De beroepscommissie heeft de Staatssecretaris in de gelegenheid gesteld schriftelijk te reageren op het beroep en klager om het beroep schriftelijk toe te lichten.

Op grond van haar onderzoek overweegt en beslist de beroepscommissie als volgt.

1. De inhoud van de bestreden beslissing
De Staatssecretaris heeft klagers verzoek tot het tijdelijk verlaten van de inrichting in het kader van strafonderbreking afgewezen.

2. De standpunten
Klager heeft het beroep als volgt toegelicht. Hij wordt verkeerd begrepen. Klager heeft gevraagd om met de bevalling thuis te mogen zijn. Hij heeft met zijn vriendin een gezamenlijke rekening. Zijn vriendin heeft schriftelijk bevestigd dat ze zijn
vriendin is, dat ze zwanger van hem is en zeer sterk verlangt dat klager aanwezig is bij de geboorte van hun kindje.

Namens de Staatssecretaris is de bestreden beslissing als volgt toegelicht.
Het verzoek is afgewezen omdat er op geen enkele wijze is aangetoond dat er sprake is van een duurzame relatie. Het feit dat beide beschikken over een gezamenlijke rekening is aangevoerd ter onderbouwing dat zij een relatie hebben. Op geen enkele wijze
is aangetoond dat beide voor de detentie van klager langdurig hebben samengewoond op een en hetzelfde adres. Daarnaast is uit de brief van de vriendin vast komen staan dat klager om moverende redenen het kind niet mag erkennen. Daarmee is niet
aangetoond dat hij de vader is van het ongeboren kind. Om toch bij de bevalling aanwezig te kunnen zijn kan klager in overleg met de directeur van de inrichting zijn regimair verlof hiervoor reserveren.
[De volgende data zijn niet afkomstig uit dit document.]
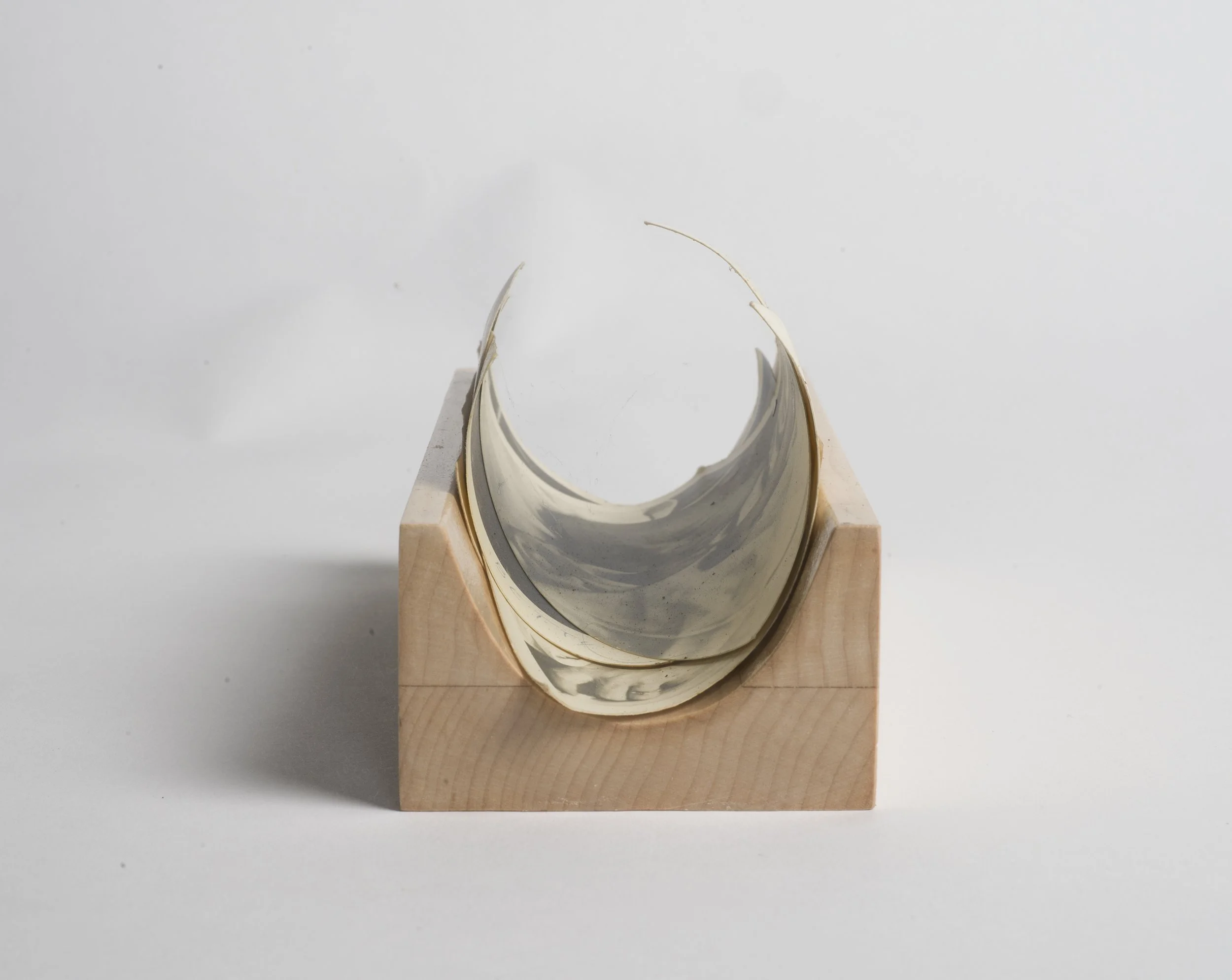 To Speak Another Language of Time is an ongoing body of assemblages made of found and original newspaper and snapshot photographs, 19th and 20th-century ephemera, lenses, and prisms enclosed or supported by wooden structures whose shape mimics forms of time. I am investigating time as material – what does it mean to flatten, unfold, curl, or bend time? How does the photograph symbolize and act upon time (i.e., to freeze, hold, abstract)? This work complicates the idea that time is linear and moves forward toward an ever more perfect future by underscoring cycles, repetition, and time's symbolic and psychological representations. Recent Supreme Court decisions and other political events, for example, have revealed that the future is not necessarily bound for progress.
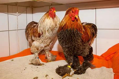 Die beringten Zwerghähne gehören der Rasse Brahma an und die Nummern sind von einem deutschen Züchter, weshalb die Pfotenhilfe auch grenzüberschreitend bei Zuchtverbänden recherchiert, wem die Tiere gehören. Die armen Kerle mussten zunächst erstversorgt und dann von jeder Menge Parasiten befreit werden. Pfotenhilfe-Geschäftsführerin Johanna Stadler: "Leider kommt es immer häufiger vor, dass Hähne bei uns abgegeben oder gar ausgesetzt werden. Das Hauptproblem sind einerseits Kleintierzüchterausstellungen, wo es zu unüberlegten Spontankäufen kommt.
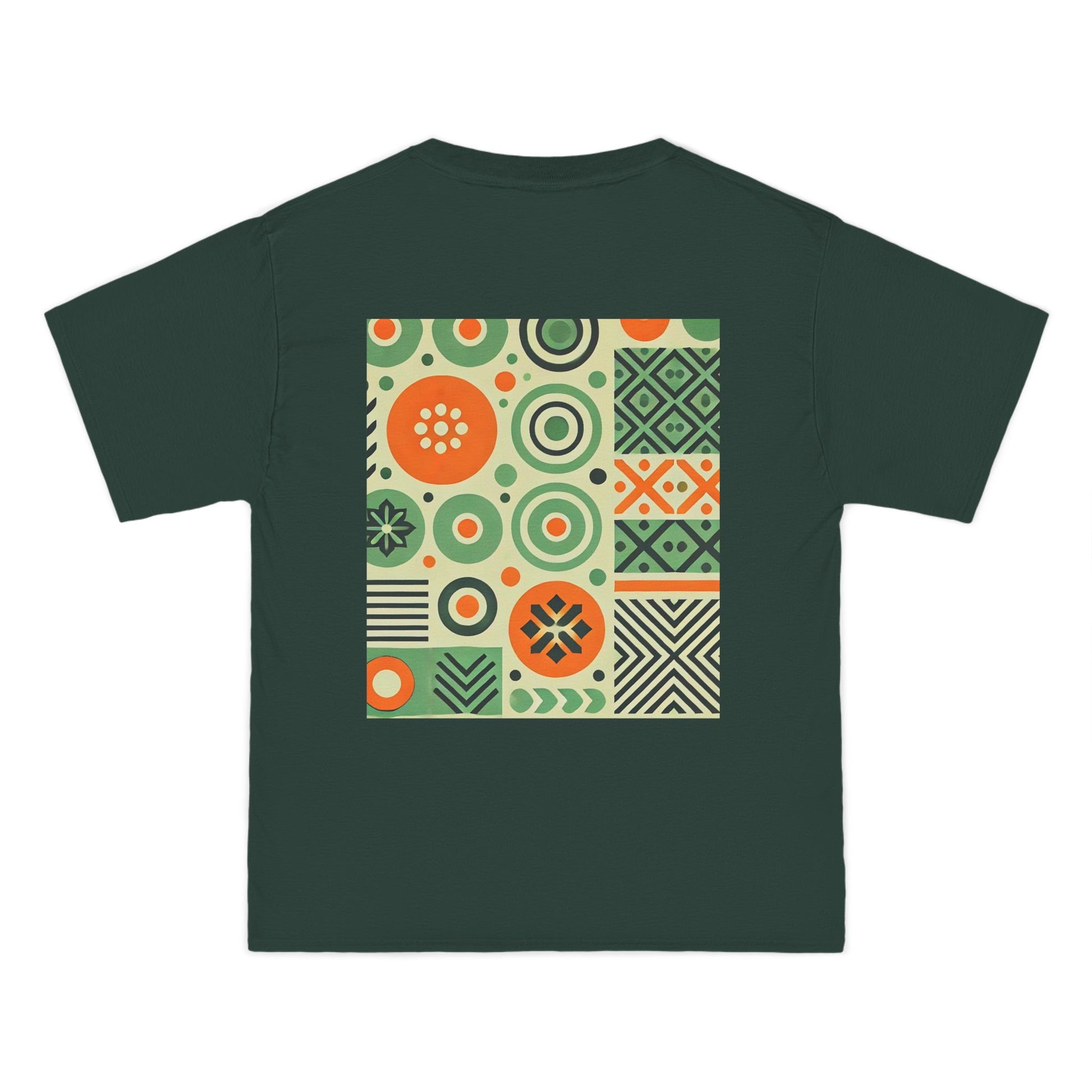 Step into the vibrant world of 'Geometric Shapes: Floral Orange Vibe', a wearable masterpiece from Whatever Clothing! This lively design is a dazzling journey through a geometric jungle of circles, squares, and chevrons, bursting with vivid shades of green and orange. Our AI-powered technology has transformed a simple pattern into a retro-inspired, wearable art, perfect for expressing your unique style.
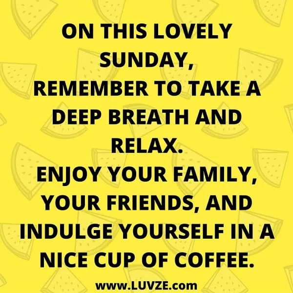121. Today is Stress-free Sunday. Sure, tomorrow is Monday and the beginning of your work, but do not worry about that today. Today, you should just relax and enjoy the rest of your weekend while you can.
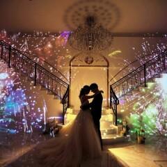 【演出人気NO.1】ゲストから歓声のあがるプロジェクションマッピング映像を体験!今までとは一味違う演出をしたい方必見!憧れの階段入場も体験出来て、結婚式のイメージもが湧きやすいと大好評!
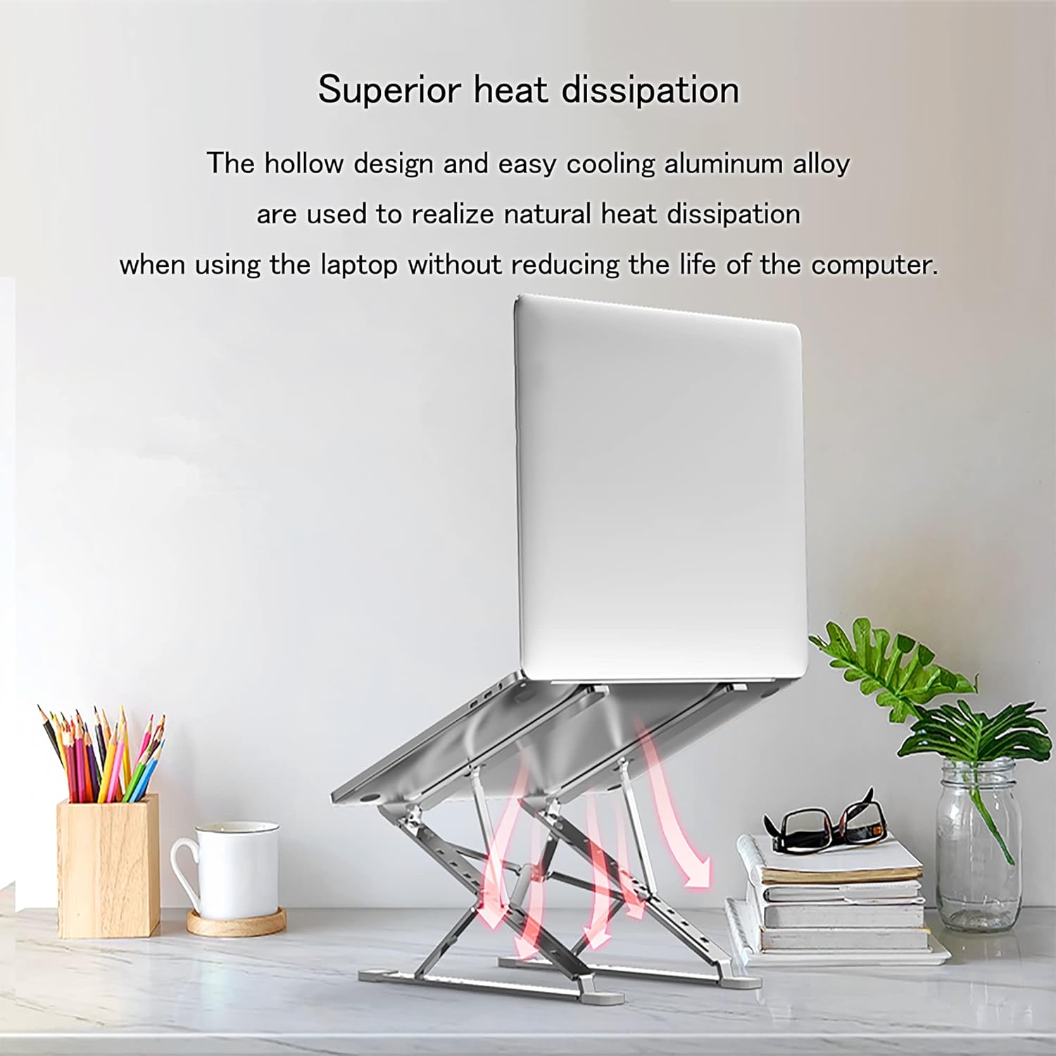 - 【Sichere Konstruktion und Rutschfest】Die unteren vier Ecken des Notebook ständer und der Teil, der den Computer trägt, sind mit rutschfesten Silikonpolstern versehen, sodass bei Bedienung die Tastatur nicht wackelt. Der Computerständer ist mit

Dan kan hij op of rond de geplande datum als de
bevalling zich aankondigt toch verlof genieten om zodoende bij de bevalling aanwezig te zijn.

De directeur van de PI Tilburg heeft positief geadviseerd ten aanzien van de verlofaanvraag.

3. De beoordeling
Klager ondergaat een gevangenisstraf van drie maanden met aftrek, wegens bedreiging met enig misdrijf tegen het leven gericht en poging tot (zware) mishandeling. De wettelijk vroegst mogelijke v.i.-datum valt op of omstreeks 22 december 2008.
Aansluitend dient hij eventueel een subsidiaire hechtenis van 30 dagen in verband met een schadevergoedingsmaatregel te ondergaan.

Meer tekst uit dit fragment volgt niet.